So what kind of funding is there to be had?

Of course, there are the big and prestigious awards like: the Guggenheim Foundation, Canada Council for the Arts, and the National Endowment for the Arts. These awards are generally for established writers and artists, and even to oft-published authors, applying for them can feel like a lottery. Unless you’re very senior indeed, it’s best to treat them as long-shots, and expect to be turned down so you can be pleasantly surprised (or ecstatic) when you win an award.

Easier to win are geographically determined awards, like the New York Foundation for the Arts, the CALQ (Conseil des Arts et Lettres du Quebec or Quebec Arts Council), and the Ontario Arts Council. Most states and provinces have their own granting agencies, so check out yours. Many cities (Toronto and Kansas City are two examples ) have artists’ grants available to their residents, so check those out too, and mark deadlines on your calendar. Obviously, the smaller the geographic area defining the competition, the better your odds.

Don’t forget to check out the Fulbright Program if you’re a US citizen, have a scholarly affiliation, and need to do research abroad.

Artists’ Residencies are a good way to go for short periods (weeks or months) of uninterrupted work away from home. Some cover all costs; others ask artists to kick in a share of the cost. Sometimes there are small application fees, which annoys me, but perhaps it won’t bother you. There are well-known colonies like Yaddo, the Vermont Studio Center, and the Banff Centre for the Arts. (Here’s a good resource to check out for more artist residencies.) Universities, like McGill University in Montreal, often have writers-in-residence, so keep an eye out for those too.

Library grants can be very useful for those of us doing research. Many public and specialized libraries offer fellowships to writers. A few examples include the New York Public Library Fellowships, Chicago’s Newberry Library Fellowships, and the Laman Library Writers Fellowship in Arkansas. Around Montreal, where I live, public libraries offer fellowships to local writers. See if this is the case in your community.

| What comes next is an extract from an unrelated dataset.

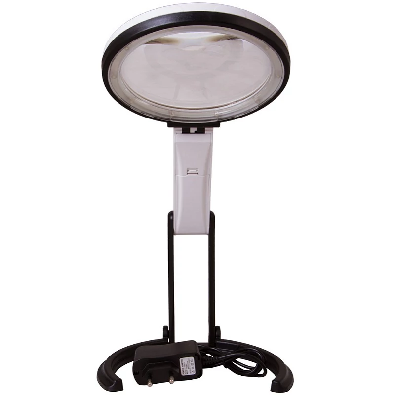 A Levenhuk Zeno Desk D7 egy kényelmesen használható, asztali eszköz nagy átmérőjű bifokális lencsével. Tökéletesen megfelel hosszú ideig tartó, közeli vizsgálatokhoz, kis tárgyak javításához, alkotáshoz vagy olvasáshoz. A kihajtható nyaknak köszönhetően az eszköz könnyedén, három lépésben átalakítható klasszikus kézi nagyítóvá. A bifokális lencse 2-szeres és 5-szörös nagyítást tesz lehetővé. A fényes fénykibocsátó diódák a lencse peremén helyezkednek el. A látómezőben lévő tárgyat egyenletesen, árnyékok nélkül világítják meg. A világítás A/C adapterrel vagy elemekkel működik.

Other aspects to consider are subject matter and genre. There may be grants available to fund work in a specific genre or on a particular subject area: Yiddish culture, the Holocaust, biographyAmerican history, and poetry are just a few examples of areas in which targeted funding is available.

Finally, don’t sniff at small grants like the awards of between $500 and $1,500 offered by Money for Women/Barbara Deming Memorial Foundation. I won this one just as I was finishing my book, and it paid for the daycare I needed to get the final version of my manuscript ready for review at the press. Remember, grants beget grants, so the very fact of winning a small award improves your position in the next round of competitions.

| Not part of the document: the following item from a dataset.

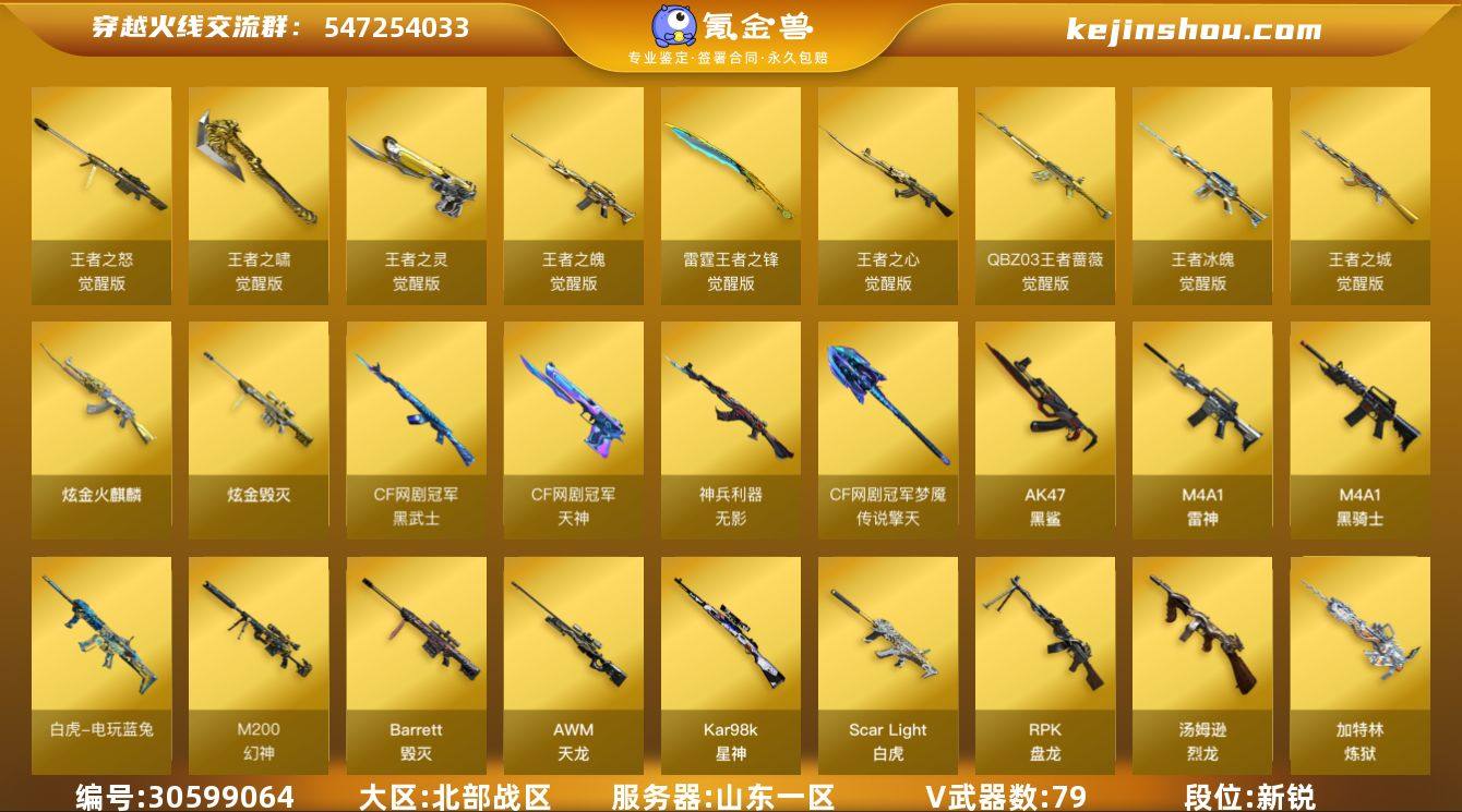 【FC-vWdSGk】山东一区,等级102,传说武器1,王者武器13,炫金武器3,V武器79, 【英雄角色】雅典娜,王者-葵-貂蝉,王者沙漠玫瑰,迷迭香,鹰,电竞教官-云悠悠,职业选手,灵狐者-黄金海岸,猎狐者,王者涂鸦, 【传说武器】传说光耀, 【V武器】M200-幻神,M200-竞技荣光,Kar98K-星神,Barrett-暗月传说,Barrett-毁灭,Scar Light-白虎,白虎-电玩蓝兔,RPK-盘龙,加特林-炼狱,汤姆逊-烈龙,柯尔特-竞技荣光,柯尔特-电竞装甲,USP-雷暴,AWM-天龙,M4A1-雷神,M4A1-黑骑士,AK47-黑鲨,黑武士-CF网剧冠军,无影-神兵利器,沙鹰-修罗,天神-CF网剧冠军,屠龙,麒麟刺,龙啸,擎天-竞技荣光,斩神刀-雷暴,擎天-CF网剧冠军,麒麟刺-百战金芒,高爆手雷-雷暴,闪光弹-雷暴,烟雾弹-雷暴,烟雾弹-电竞装甲,高爆手雷-竞技荣光,闪光弹-竞技荣光,烟雾弹-竞技荣光,恶棍-电竞装甲,M4A1-再燃火线,AK-47-猩红传说, 【王者武器】王者之心-觉醒版,王者之魄-觉醒版,王者之灵-觉醒版,王者之啸-觉醒版,王者冰魄-觉醒版,烟雾弹-雷霆王者-觉醒版,雷霆王者之锋-觉醒版,闪光弹-雷霆王者-觉醒版,王者之城-觉醒版,王者星神-觉醒版,王者之怒-觉醒版,QBZ-03-王者蔷薇-觉醒版, 【狙击枪稀有皮肤】幻神-CFS2022,幻神-AG-CFPLS17冠军,幻神-巅峰荣耀,毁灭-荣耀之怒,毁灭耀金皮肤,毁灭-神秘黑洞皮肤,毁灭-黑大圣皮肤,AWM-天龙-传奇70KG,AWM-天龙-传奇白鲨, 【步枪稀有皮肤】白虎-电玩粉兔皮肤,雷神-荣耀之魄,雷神-宠儿-2019MVP,雷神-宇航兔皮肤,雷神-星空,雷神-暗月,雷神-虎将,雷神-耀金皮肤,雷神-赛博朋克,火麒麟-轻羽皮肤,黑骑士-电玩青兔皮肤,黑骑士-暗月,黑骑士-摸金校尉,AK47-B-常胜将军-孙权,无影-能量核心,无影-霓裳皮肤, 【机枪稀有皮肤】炼狱-玩具枪皮肤, 【副武器稀有皮肤】修...

When writing grant proposals, be as specific as you can. If you can give chapter breakdowns, do so. If you’ve written half the book already, then say so. If you have a publisher interested, underline that. Demonstrate how your project is new, innovative, and important. Show that it contributes to knowledge or culture. Point to your past accomplishments to underscore the fact that you finish what you start.

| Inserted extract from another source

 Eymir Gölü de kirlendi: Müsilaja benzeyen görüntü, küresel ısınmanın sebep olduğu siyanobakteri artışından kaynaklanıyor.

Above all, don’t despair. The grants system can be capricious and unjust. Brilliant projects can get rejected and duds occasionally get funded. Write the application, put it in the mail, then forget about it and get back to your work.

Which is, after all, the whole point.

[Photo: Cati Kaoe]

This post is part of a weekly series called “Countdown to Publication” on SheWrites.com, the premier social network for women writers.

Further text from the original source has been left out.